§ DATA SHOWN
»»

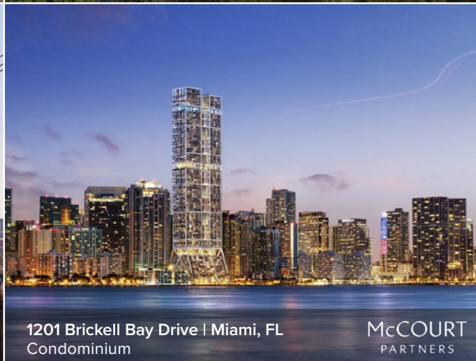
1201 Brickell Bay Drive | Miami, FL Condominium
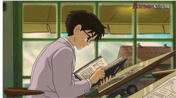
Horikoshi throwing himself into work

charged along his dream path, a line that essentially paralleled Japan's descent toward war and the destruction of self and others.
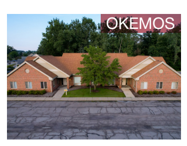
2465 Woodlake Circle 7,218 SF for Lease $15.00 SF/yr (MG)

««

§ WHAT NEEDS TO BE DONE
From the line that contains "charged along his" to the last line of the data, print each line exactly, both ends included, and omit the pictures.

§ REPLY TO THE TASK
charged along his dream path, a line that essentially paralleled Japan's descent toward war and the destruction of self and others.
2465 Woodlake Circle 7,218 SF for Lease $15.00 SF/yr (MG)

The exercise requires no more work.